Mine without a doubt had this issue. Chip ran well, but it heated up to >110c junction temp after a few minutes, then would throttle. Undervolting helped a bit, but it still wouldn't run at stock speeds.

It's been RMA'ed. I could have rigged up a waterblock, heck, I could have pieced together a better cooler from parts I have laying around. But when I pay >$1000 for something I expect it to work. Shame on AMD's QA department, catching this sort of stuff is Bush-league (and if I know QA, which I do, someone did know, but the Brass pushed it through to capitalize on holiday sales).
 
Last edited:
The issue certainly warrants it's own thread post, but of course some would prefer it to be buried deep in another thread where it can easily be missed by some.

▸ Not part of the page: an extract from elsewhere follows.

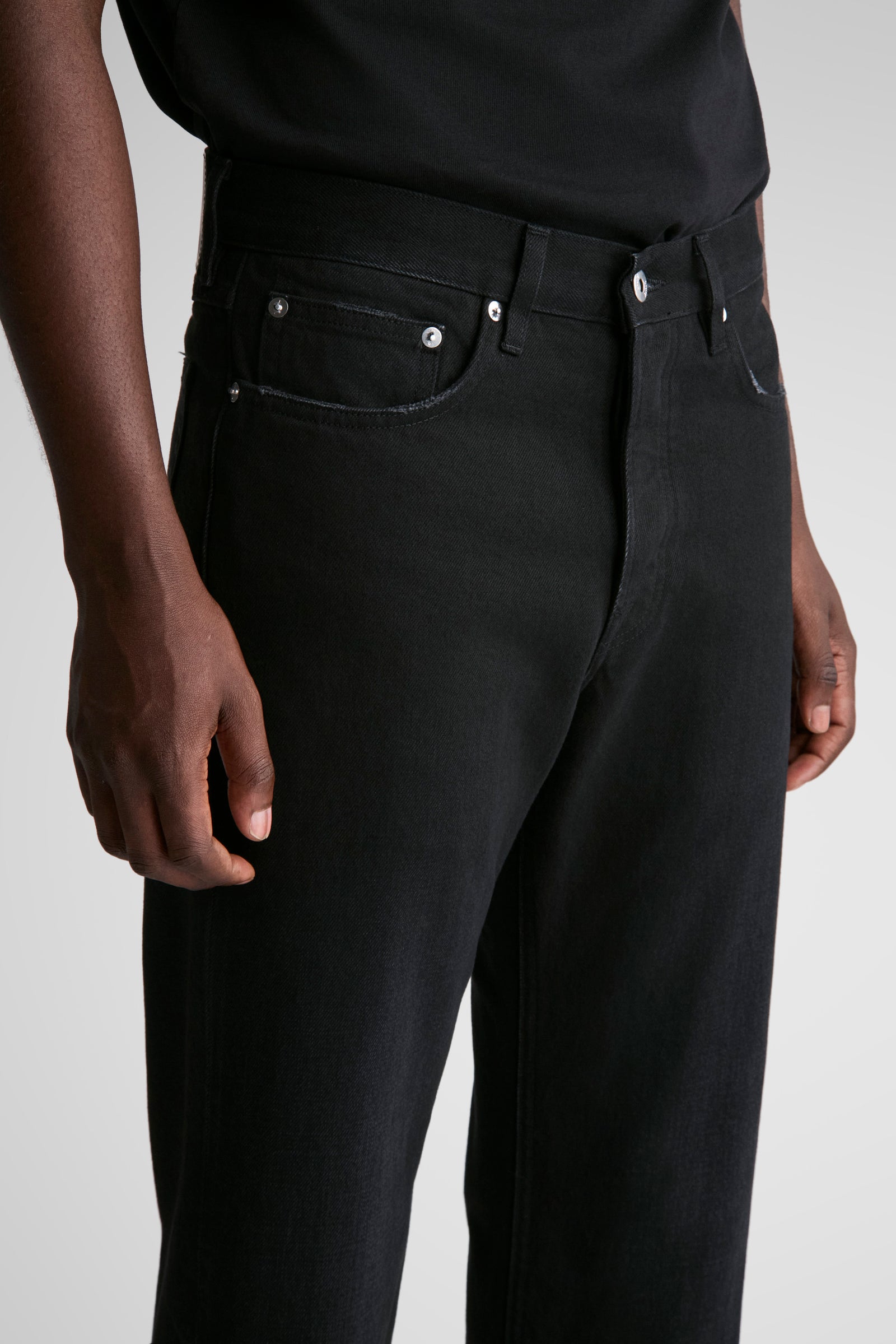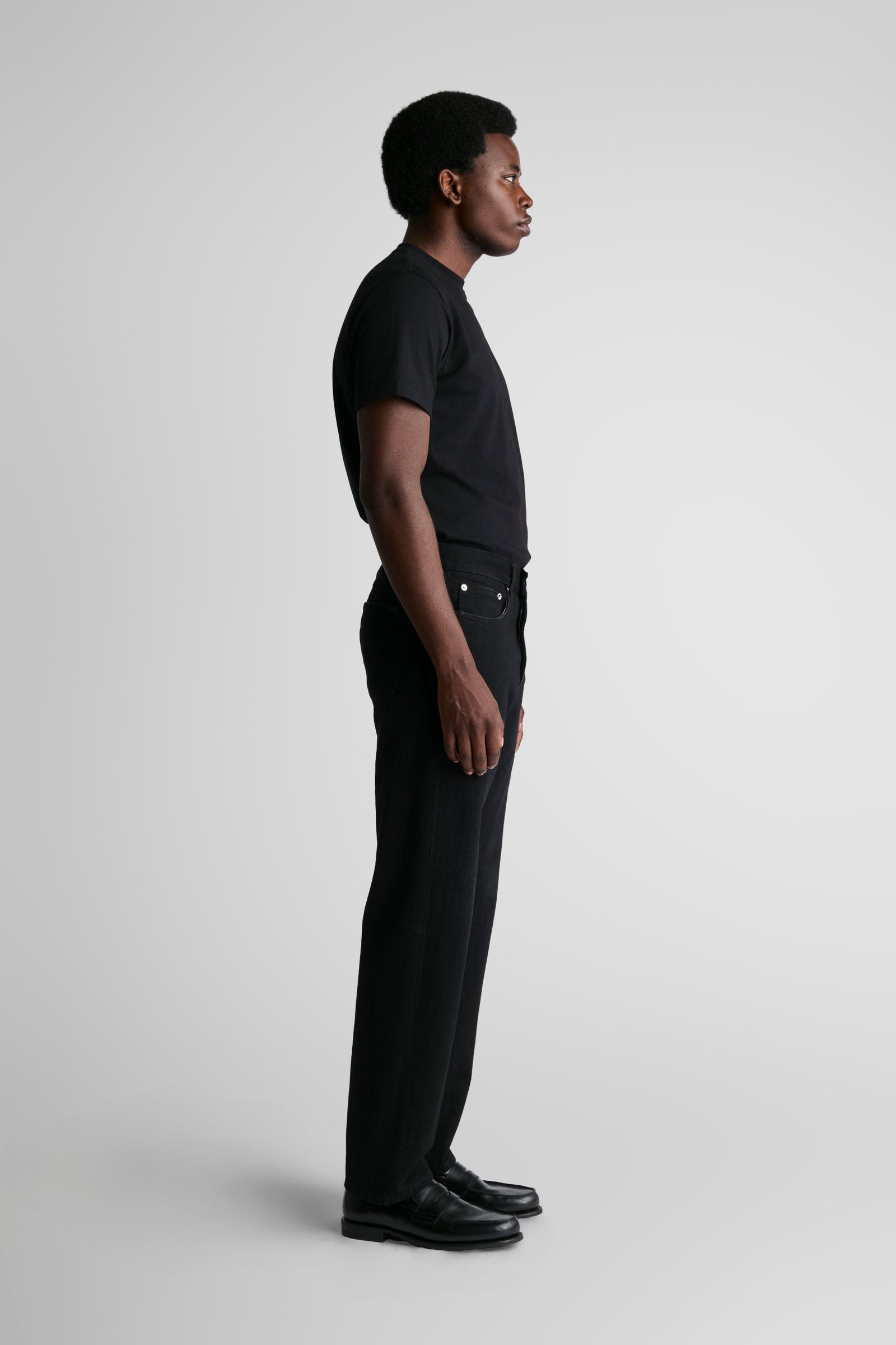 Our regular straight, Fuller, in a slightly washed black.
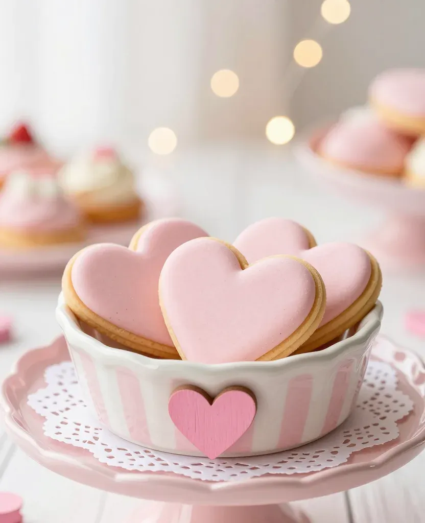 A close-up of heart-shaped cookies with smooth, glossy pink frosting in a bowl, set against a dreamy background of blurred cupcakes and fairy lights. The warm, ambient lighting and shallow depth of field create a soft, festive atmosphere.

No such thing, they start at $1K.

That is IF people start slowing down their purchasing of 7900 XTX units because of this news, there may be some good deals. Obviously not right now.
 
I wonder if this explains the inconsistent load and idle temperatures many reviewers talked about at launch.

If it does, it could actually be pretty good news.

It's much easier to fix a cooler than it is to fix a problematic architecture design.
 
7900xtx, not a fire risk, just not getting the performance you paid for and potential rma in near future. Would you accept being only able to use 80% of your car's hp?

Advantage of us older gamers who've been building rigs since god knows is we've already blown up psu, caused fires and what not to lnow to ensure to double check your connections.
 
I have to admit, i cringe when anyone calls this a "user issue".

Just about everyone building a system with traditional PCIe power connectors ALWAYS wraps them tight straight out of the connector and then zip-ties them so they go straight down and through the motherboard tray cable passthrough so that there is no slack in the cable.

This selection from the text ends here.